DATA PROVIDED
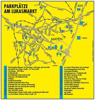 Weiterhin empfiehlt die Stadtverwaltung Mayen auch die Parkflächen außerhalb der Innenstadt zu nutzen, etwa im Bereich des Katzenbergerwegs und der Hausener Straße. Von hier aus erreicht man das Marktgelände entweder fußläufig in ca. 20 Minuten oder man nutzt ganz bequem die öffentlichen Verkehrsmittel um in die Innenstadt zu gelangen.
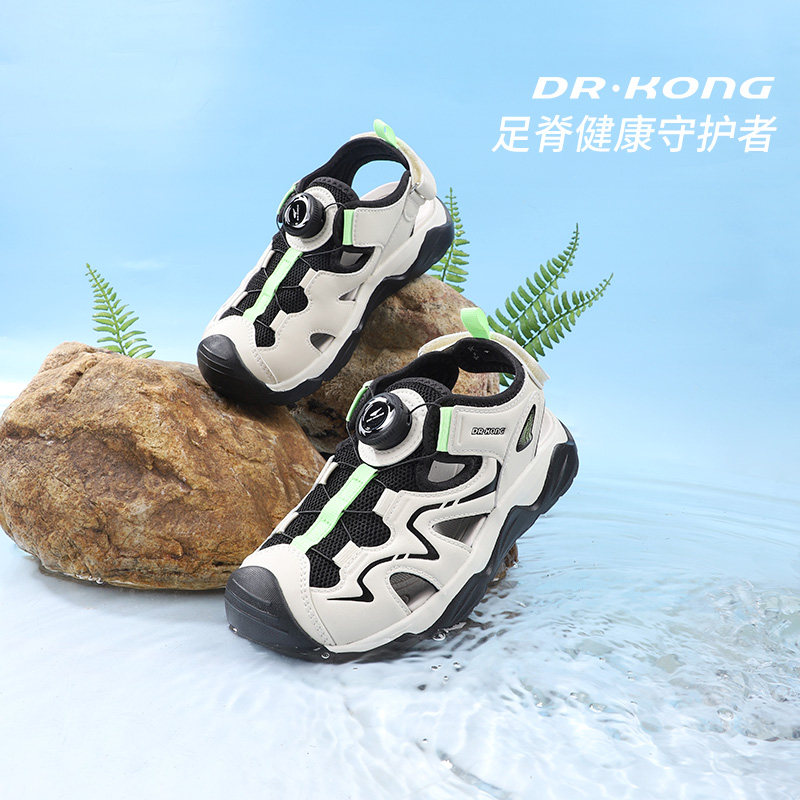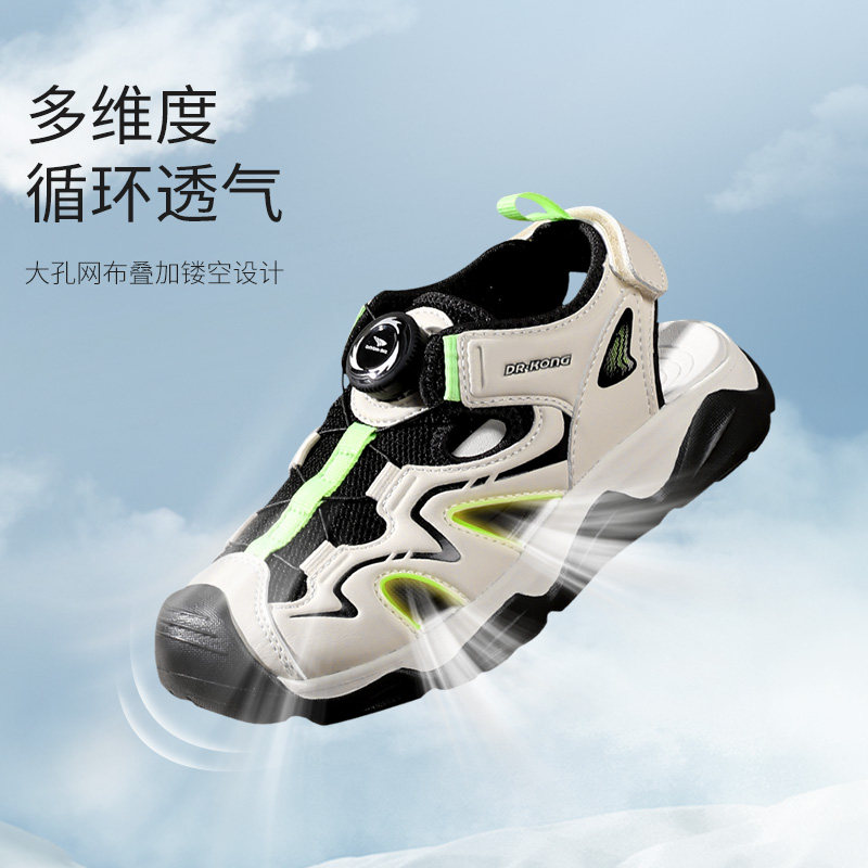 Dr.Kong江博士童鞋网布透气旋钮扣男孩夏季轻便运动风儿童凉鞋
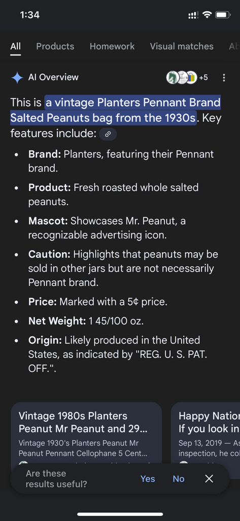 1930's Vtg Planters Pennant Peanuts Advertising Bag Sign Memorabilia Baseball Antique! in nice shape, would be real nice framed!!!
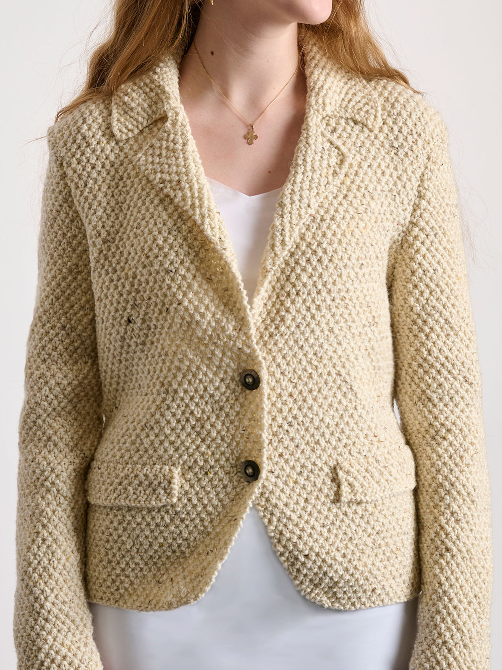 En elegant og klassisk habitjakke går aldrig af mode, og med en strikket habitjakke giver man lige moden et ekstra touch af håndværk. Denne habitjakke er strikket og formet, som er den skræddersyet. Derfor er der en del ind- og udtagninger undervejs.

ASSIGNMENT
This exercise asks for an exact copy of the lines from the first one in the data through the line that contains "Dr.Kong江博士童鞋网布透气旋钮扣男孩夏季轻便运动风儿童凉鞋", pictures excluded.

WRITTEN REPLY
 Weiterhin empfiehlt die Stadtverwaltung Mayen auch die Parkflächen außerhalb der Innenstadt zu nutzen, etwa im Bereich des Katzenbergerwegs und der Hausener Straße. Von hier aus erreicht man das Marktgelände entweder fußläufig in ca. 20 Minuten oder man nutzt ganz bequem die öffentlichen Verkehrsmittel um in die Innenstadt zu gelangen.
 Dr.Kong江博士童鞋网布透气旋钮扣男孩夏季轻便运动风儿童凉鞋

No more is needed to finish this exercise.